En octubre, cuando cambiamos la reserva, no me había preocupado la fecha que Edison había elegido para volver a Nueva York, escogida al azar como si hubiera arrojado un dardo al calendario. Era de suponer que, cuando volviese a la Costa Este, lo hiciese con la intención de poder alojarse un par de días en casa de alguno de sus colegas, en el apartamento de Slack Muncie tal vez, ahora que su amigo había disfrutado de un descanso, antes de salir con el grupo para Barcelona. La falta de concreción de sus muchas otras actuaciones de primavera me provocaba una desazón que evitaba analizar. Según Edison, con la gira por España y Portugal ganaría bastante dinero, lo suficiente para dar el depósito de un nuevo apartamento y sacar sus cosas del guardamuebles. (Le había propuesto también aumentarle la ayuda económica que le daba, por si eso servía para que volviera a tener una casa, aunque ese ofrecimiento tenía un lado desagradable y era más que una sugerencia, pues era como decirle que estaba dispuesta a pagarle con tal de que no volviese a mi casa). Ésa había sido la idea desde el principio, ¿no? Que su temporada en New Holland serviría para ayudarlo a superar un bache profesional. Sí, claro, podía volver de la gira europea con dinero en el bolsillo, listo para instalarse otra vez en la Gran Manzana y dedicarse de lleno a su apretada agenda. Sobre el papel todo había tenido sentido, hasta que lo vi. Sin embargo, sentía que ya había hecho lo que tenía que hacer, y que mi familia había hecho aún más.
Sólo en retrospectiva aprecio que ese asunto de «arrimar el hombro» es un malentendido que puede resultar letal aplicado a la naturaleza de los vínculos familiares. Ahora que los entiendo mejor, el parentesco, las relaciones de sangre, me parecen bastante aterradores.
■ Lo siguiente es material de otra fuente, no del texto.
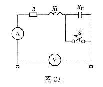 问题 如图23所示正弦交流电路中,开关S接通和断开时,电压表和电流表读数不改变,则可以断定( )。

Lo maravilloso del parentesco es también lo horrible del parentesco: no hay ninguna línea en la arena, ningún límite natural a lo que los miembros de una familia pueden esperar razonablemente de nosotros. Cuando me mudé a Iowa y pasé dos largos años con los Grump, solía disculparme por no haber podido encontrar un trabajo y un apartamento. Mi abuela (que enseñándome a cocinar estaba allanando, sin saberlo, mi camino hacia el éxito) me acariciaba la mano con cariño y decía: «Mira, cielo, la definición misma de familia es la gente que nunca va a dejarte en la estacada». Esas palabras, una paráfrasis de Robert Frost, entonces me resultaron reconfortantes, pero durante la larga visita de mi hermano habían regresado para atormentarme. Ergo, lo que Edison podía «razonablemente» esperar de mí era, en potencia, infinito.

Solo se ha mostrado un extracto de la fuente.